The floors of the church also incorporate various tombstones with Portuguese and Armenian inscriptions used as paving blocks. Memorial plaques in Dutch, Armenian and English also adorn the interior of the church. Some Armenian inscriptions provide an interesting panorama of life in the Dutch period:
“Greetings, you who are reading this tablet of my tomb in which I now sleep. Give me the news, the freedom of my countrymen, for them I did much weep. If there arose among them one good guardian to govern and keep.
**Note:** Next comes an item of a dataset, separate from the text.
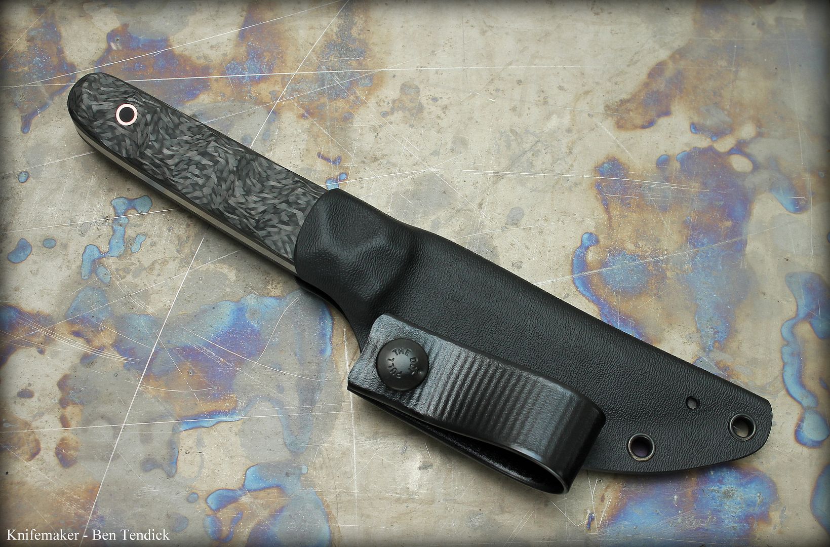It has scalloped carbon fiber scales and my signature tapered fuller on the spine.
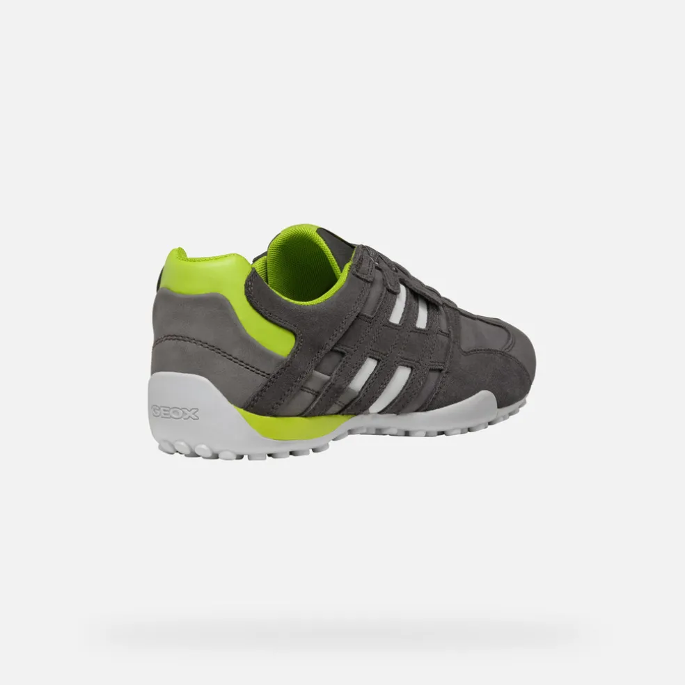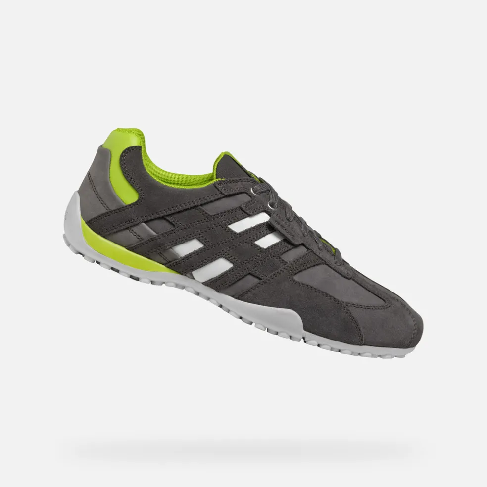 Leichter Herrensneaker im sportlichen und dynamischen Stil – perfekt für Freizeitaktivitäten. Das Obermaterial aus Veloursleder und Material in Nubukleder-Optik setzt auf Kontraste und präsentiert sich hier in einer außergewöhnlichen Variante in Anthrazitgrau mit Details in Lime. Snake garantiert Komfort und Atmungsaktivität und rundet informelle Stadtlooks mit einem Akzent im Active-Style ab.

Vainly I expected the world to see a good shepherd came to look after the scattered sheep.”
“I, Jacob, grandson of Shamier, an Armenian of a respectable family whose name I keep, was born in Persia near Inefa, where my parents now forever sleep. Fortune brought me to distant Malacca, which my remains in bondage to keep. Separated from the world on 7th July 1774 A.D. at the age of twenty-nine, my mortal remains were deposited in this spot of the ground which I purchased.”
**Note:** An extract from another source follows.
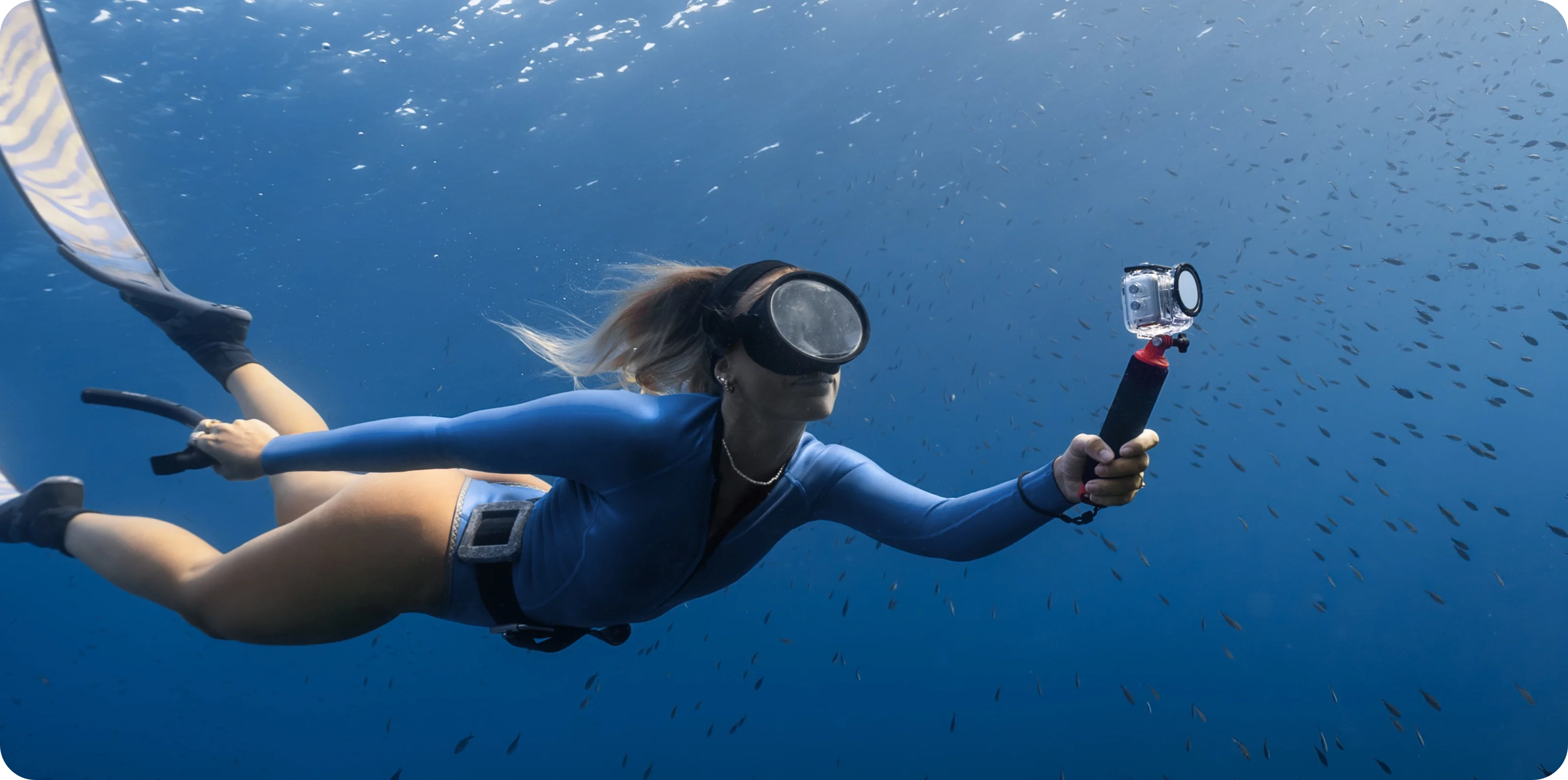 Kamera se nabije z nuly na 80 % přibližně za 12 minut, takže natáčení nebrání žádná prodleva. Díky propojení s Action Podem lze kameru ovládat na dálku a tvořit ještě kreativnější záběry.
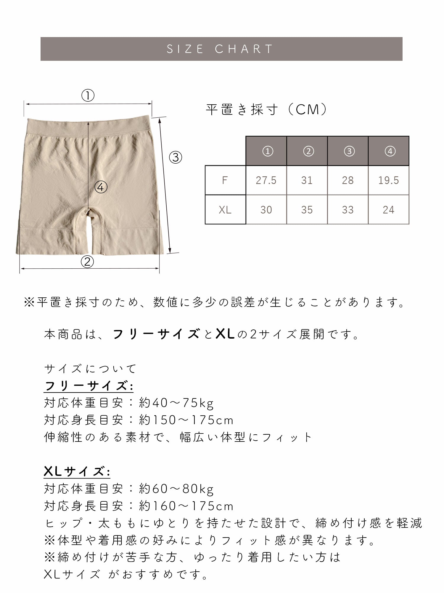 ※締め付けが苦手な方、ゆったり着用したい方は XLサイズ がおすすめです。

The church bell is inscribed with the date 1698 suggesting that it was used for another purpose prior to the completion of the church.
The church’s collection of Kerk Boek (Church Book), Resolutie Boek (Resolution Book), Rapporten (Reports) as well as the Doop Boek (Baptism Register) going back to the earliest Dutch times in Malacca have survived through the centuries. These antiquated documents are now being kept at the National Archives of Malaysia.
Silver altar vessels dating back to the early Dutch period are also in the possession of the church but are kept in storage and rarely taken out for display. The altar Bible has a cover made of brass inscribed with the passage from John 1:1 in Dutch.
I love the serenity in the prose that describes Jacob’s date of death: ”separated from the world on… ” .. and I was struck by the fact that he was only twenty-nine years of age. Life back then was apparently tough, … and short.
These days we have creature comforts Jacob could not have even dreamt about, medications not the least of them. We travel with speed and comfort, we can exchange information around the world at speeds almost beyond our own comprehension, we are well educated and we enjoy long life expectancy. I wonder what Jacob would make of us all if he could come back and see us today?
One thing is for sure… Melaka then was probably as much a cross-roads, meeting point and place of vibrancy then as it is today. And in that, Jacob, who sleeps eternally in his little purchased spot in the church, would have felt very much at home.